Prostitutas invisibles

A principios del mes de junio, dos prostitutas fueron asesinadas en Bilbao. Han sido víctimas de un asesinato machista, pero su muerte no se atribuirá a la violencia de género, ni su asesino será castigado con una pena agravada. Desde la aprobación de la Ley integral contra la violencia de género únicamente se considera violencia de género la que se produce en el ámbito familiar, y, aun así, no toda. La página www.feminicidio.net recoge y contabiliza como feminicidio los asesinatos de prostitutas. Entre los años 2010 y 2012 fueron asesinadas 19 mujeres que ejercían la prostitución, aunque podría haber más casos, pues una prostituta es una mujer socialmente invisible. Su muerte suele pasar inadvertida, su desaparición no se denuncia, la justicia no se siente presionada por la sociedad para imponerle una pena ejemplar al homicida, no se promueven concentraciones para manifestar la repulsa ciudadana, los políticos no guardan un minuto de silencio por estas víctimas, los medios no dedican tiempo a informar del asunto. La vida de una prostituta vale poco.

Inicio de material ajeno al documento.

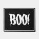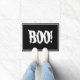 Halloween doormat is shown with a spooky Boo! print on a black background.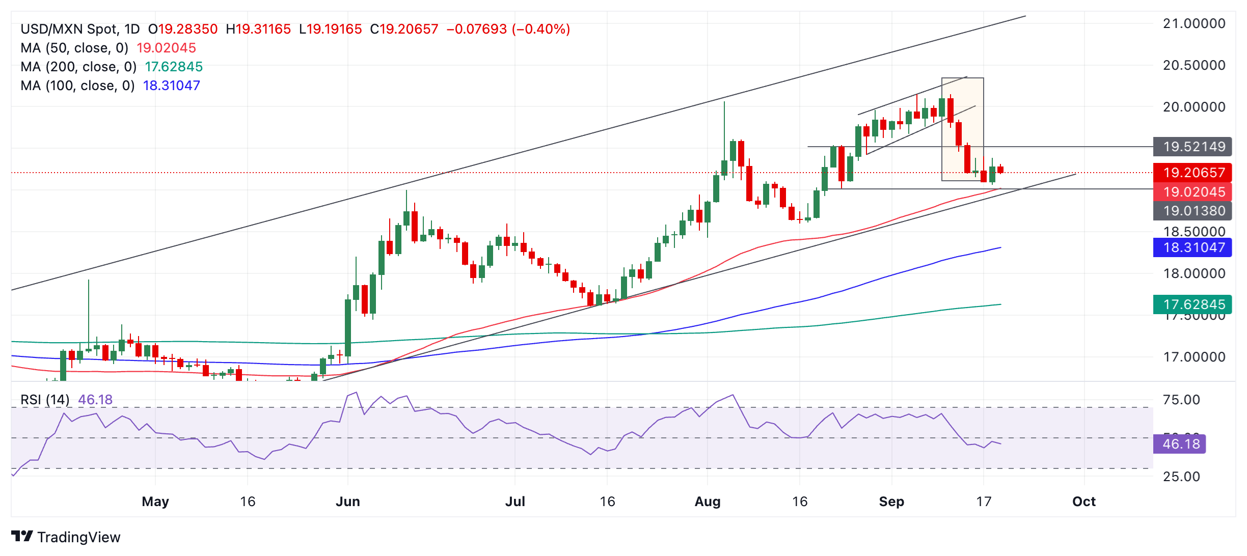 美元/墨西哥比索正在上涨通道和50天SMA的基础上进行盘整。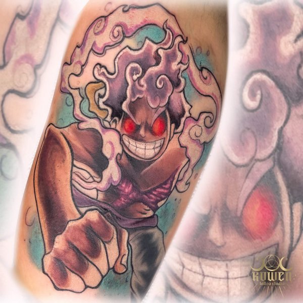 Projekt ukazuje Monkey D. Luffiego w jego najwyższej formie – Gear 5, symbolizując ostateczną wolność, odporność i nieograniczoną moc. Jego przerysowany uśmiech, świecące czerwone oczy i otaczające go chmury energii odzwierciedlają zarówno zabawowy, jak i chaotyczny charakter jego nowych umiejętności. Tatuaż ten nie tylko przedstawia siłę, ale także radość, co sprawia, że jest to idealny wybór dla osób, które utożsamiają się z niezłomnym duchem Luffiego i jego nieustannym dążeniem do spełnienia marzeń.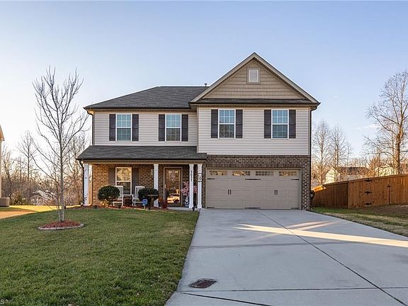 New Price and Open House 1/25 1-3PM! Nestled in a sought-after neighborhood on a serene cul-de-sac, this 3-bedroom, 2.5 bathroom home offers the perfect blend of comfort and style. Enjoy breathtaking sunset views from your backyard, complete with a covered deck, patio, and fenced-in area, the ideal spot for relaxing or entertaining. Inside, the open floor plan seamlessly connects the kitchen, dining room, and living room, where a striking stone fireplace creates a cozy spot. The home also features accent walls and stylish paint throughout, adding a unique touch of character. Upstairs, a spacious family room offers a versatile retreat for lounging or recreation. Conveniently located near all the Triad has to offer, this property combines modern living with easy access to shopping, dining, and entertainment.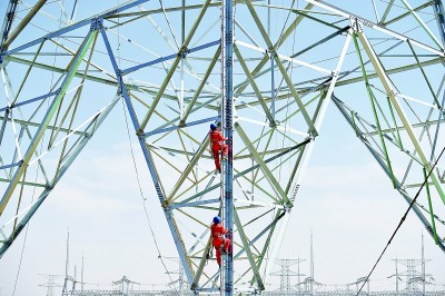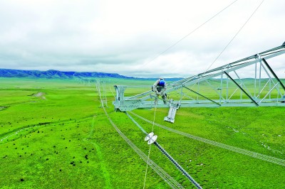國網(wǎng)青海省電力檢修公司專業(yè)人員在青豫特高壓直流輸電線作業(yè)。新華社發(fā)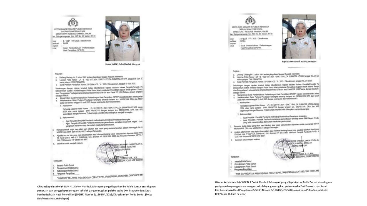 Medan, seputaranindonesia.com — Proses hukum kasus dugaan tindak pidana penipuan dan penggelapan yang menyeret nama Kepala SMKN 1 Dolok Masihul, Misrayani SPd MSi, masih terus bergulir di Polda Sumatera Utara (Sumut). Hingga kini, meski telah ditetapkan sebagai tersangka, Misrayani belum juga ditahan oleh pihak kepolisian.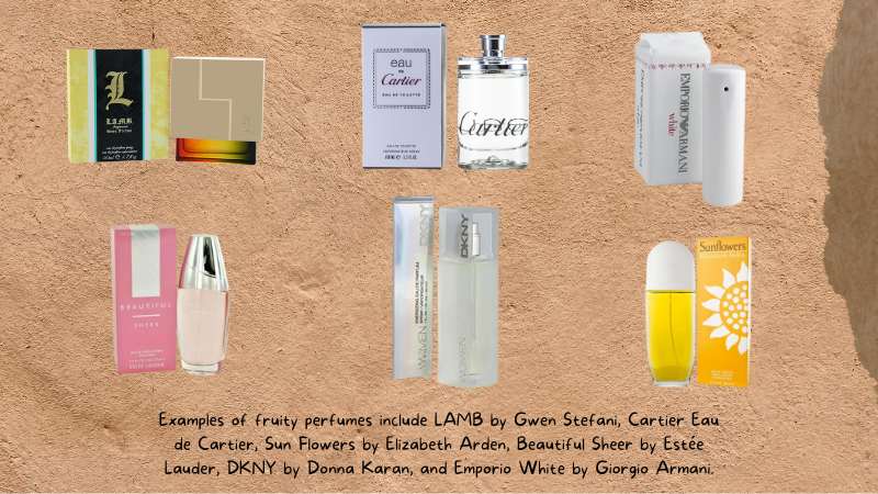 Examples of fruity perfumes include LAMB by Gwen Stefani, Cartier Eau de Cartier,
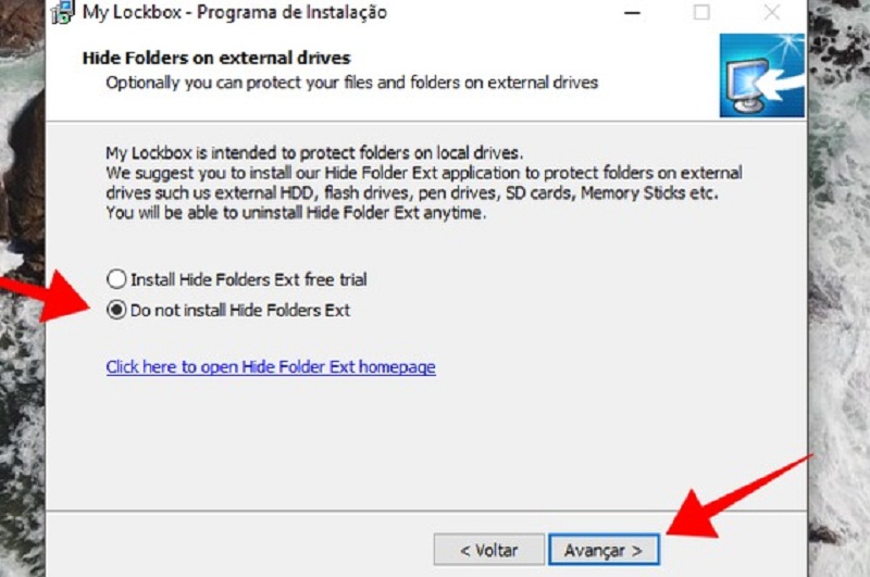 Passo 1. Baixe o programa gratuito My Lockbox no computador. Avance as telas do assistente para instalar. No final, certifique-se de marcar a opção “Do not install the Hide Folders Ext” antes de prosseguir.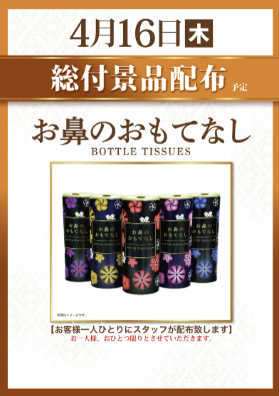 4月16日(木)総付景品 お鼻のおもてなし【ZENT若林店】 └オリジナル景品 4月16日(木)総付景品 お鼻のおもてなし【ZENT若林店】 └オリジナル景品 2026.04.16 ZENT若林店 愛知県豊田市若林東町雁股5-1 詳しく見る

En el caso de Bilbao, es el presunto asesino, Juan Carlos Aguilar, quien ha suscitado la atención mediática debido a su proyección pública, las mujeres muertas “solo” eran prostitutas inmigrantes.
Que no se considere a las prostitutas víctimas de la violencia de género, tiene graves consecuencias para ellas: les impide acceder a la protección que se ofrece a estas víctimas, no pueden utilizar los recursos que el Estado pone a su disposición, sus agresores no sufren un agravamiento de las penas por sus crímenes.
¿Por qué una prostituta no pude denunciar maltrato y recibir de las instituciones la misma consideración, apoyo y ayuda que otras mujeres? ¿Por ser prostitutas se merecen cualquier cosa que les pase? ¿Una violación o una paliza forman parte de su trabajo, son “accidentes laborales”?
Prostitución forzada, esclavitud sexual, violencia, abusos, chantaje, explotación… La sociedad tolera y convive con estas situaciones límite agravadas, en muchos casos, por el hecho de que la mujer es inmigrante sin papeles, y el objetivo del Estado es expulsarla del país, no protegerla.
La lucha feminista debe incluir a todas estas mujeres y conseguir para ellas un cambio social, sexual y cultural que promueva la solidaridad y respeto hacia ellas. Esto incluye que la violencia que reciben se califique, a todos los efectos, como violencia de género.